Неняги вошли в его чум. Они сели на белые медвежьи шкуры у самого костра.

— Много лет жизни тэта[39] Таули, — шутили неняги.

И Таули отвечал:

— Много лет жизни тэта-ненягам.

А когда чум был заполнен до отказа, Таули усадил старейших охотников вокруг костра и, почтительно обращаясь к ним, спросил:

— Что нам делать, отцы? Я говорю о ружьях русских.

Старики задумались.

И в глубокой тишине Таули заговорил:

— Там, за лесами, на краю земли живут русские. Они очень умные люди. Они делают хлеб, табак, железо и медь. Они делают порох и ружья. Наши праздничные одежды украшены сукнами, сделанными руками русских… — Таули помолчал немного, и вновь голос его зазвенел: — Шли годы в моих думах. И если ребенком я верил, что все это само растет на берегах русских рек, то теперь знаю, что это неправда. Железо надо делать. Порох надо делать, и русские все это умеют. Они даже свои слова могут нарисовать на бумаге, чтобы их не забыть.
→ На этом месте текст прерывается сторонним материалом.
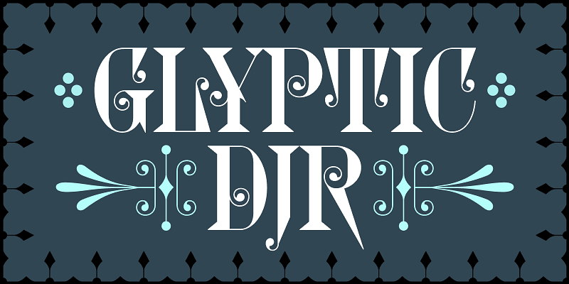 Glyptic DJR revives Herman Ihlenburg’s Glyptic, a decorative Victorian serif designed in 1878 and issued by MacKellar, Smiths & Jordan. My interpretation leans into the frenzied energy of the design, emphasizing the angularity of the wedges and vertical serifs, and then contrasting them against delicate spirals and curlicues. The spacing is tight—optimized for contemporary use. This revival also adds a Uncial-inspired lowercase, lining figures, and borders, none of which were present in the original design. For additional license options like app, enterprise, multi-user, and self-hosted web, visit [Glyptic DJR on Type Network](https://store.typenetwork.com/foundry/djr/fonts/glyptic-djr).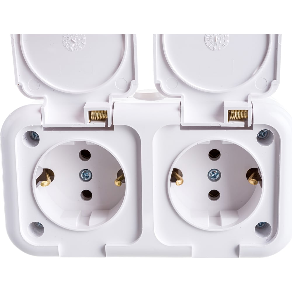 Розетка Bylectrica 2-местная ОУ с заз.конт. IP44 серия Прочие изделия, белый, РА10-213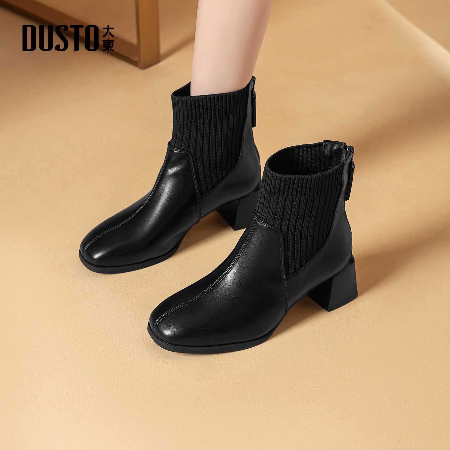 大东女靴时装靴2025冬季新款加绒保暖短靴粗跟方头职场通勤袜靴

Неняги уже растерянно смотрели на Таули. Он говорил правду, но почему с такой завистью он отзывался о русских?

И самый старейший охотник встал у костра и протянул к Таули дрожащие руки:

— Но русские хитры! Но русские обижают нас!

— Ты прав, отец, — почтительно выслушав, сказал Таули, — но глупее ли мы русских?

— Мы не глупее их, — сказал старик, сидящий по правую руку Таули, — и мы бы хотели все делать сами, но мы — пастухи, мы — охотники или рыбаки. Каждый делает свое дело, как умеет. Мы готовы дружить с русскими, мы не трогаем их купцов, но русские хотят иметь все, не оставляя нам ничего. Что же нам остается делать?

вернуться

38

Нюки — оленьи шкуры, покрывающие чум.

вернуться

39

Тэта — многооленщик, князь.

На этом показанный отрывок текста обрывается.